- RECORDED DATA
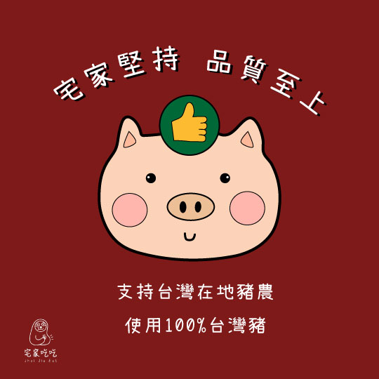 宅家一直都堅持只選擇優良合格的台灣食材廠商,可以的話都會親自拜訪產地一趟,確保每個東西是合乎我們預期。宅家創立品牌初期時意外地接觸到目前配合的屠宰場,他們是養豬戶起家,不懂得行銷、看到他們為了努力維護豬隻的品質、防止豬隻生病,不分日夜辛勤地照料這些豬隻們,我們自己都很感動, 也覺得符合宅家品牌想傳達的理念,因為有他們在第一線為我們做最嚴謹的把關品質, 我們才能製作健康安心的黑豬肉手工水餃送到每個客人手上。
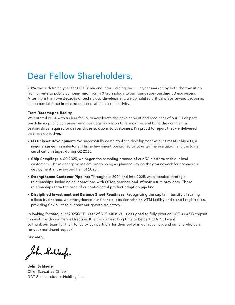 Loan Agreement, dated November 11, 2024, by and between Dr. Kyeongho Lee and GCT Research, Inc. |
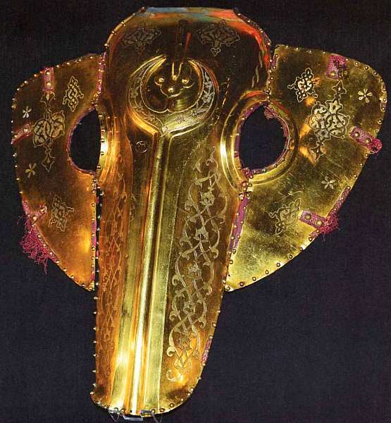Хотя в странах Востока обычно не было тяжеловооруженных всадников и там не понимали европейских рыцарей, которые вместе со своими конями нередко были целиком закованы в железные доспехи, о защите для лошади все же нужно было думать, ведь в бою от коня очень часто зависела жизнь всадника. Однако сегодня трудно сказать, связано ли появление подобного конского шлема с военной необходимостью или все-таки большее значение имела пышность убранства коня во время торжественных церемоний.
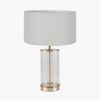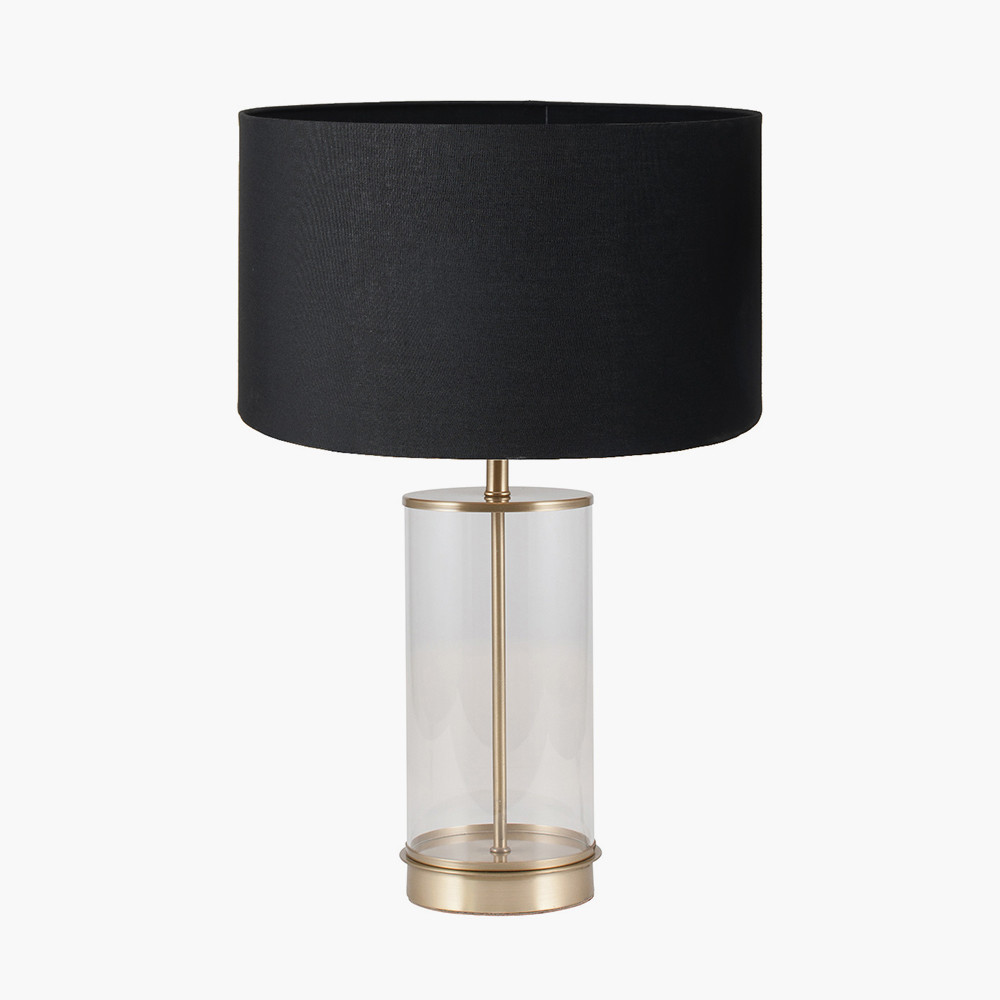 This pretty glass table lamp base, in crisp clear glass with contrasting champagne metalwork, will bring classic elegance to any room, complemented with a simple, modern ivory or black cylinder lamp shade.

- WHAT YOU SHOULD DO
The whole listing is to be written out exactly; the pictures stay out of the copy.

- ANSWER AREA
 宅家一直都堅持只選擇優良合格的台灣食材廠商,可以的話都會親自拜訪產地一趟,確保每個東西是合乎我們預期。宅家創立品牌初期時意外地接觸到目前配合的屠宰場,他們是養豬戶起家,不懂得行銷、看到他們為了努力維護豬隻的品質、防止豬隻生病,不分日夜辛勤地照料這些豬隻們,我們自己都很感動, 也覺得符合宅家品牌想傳達的理念,因為有他們在第一線為我們做最嚴謹的把關品質, 我們才能製作健康安心的黑豬肉手工水餃送到每個客人手上。
 Loan Agreement, dated November 11, 2024, by and between Dr. Kyeongho Lee and GCT Research, Inc. |
Хотя в странах Востока обычно не было тяжеловооруженных всадников и там не понимали европейских рыцарей, которые вместе со своими конями нередко были целиком закованы в железные доспехи, о защите для лошади все же нужно было думать, ведь в бою от коня очень часто зависела жизнь всадника. Однако сегодня трудно сказать, связано ли появление подобного конского шлема с военной необходимостью или все-таки большее значение имела пышность убранства коня во время торжественных церемоний.
 This pretty glass table lamp base, in crisp clear glass with contrasting champagne metalwork, will bring classic elegance to any room, complemented with a simple, modern ivory or black cylinder lamp shade.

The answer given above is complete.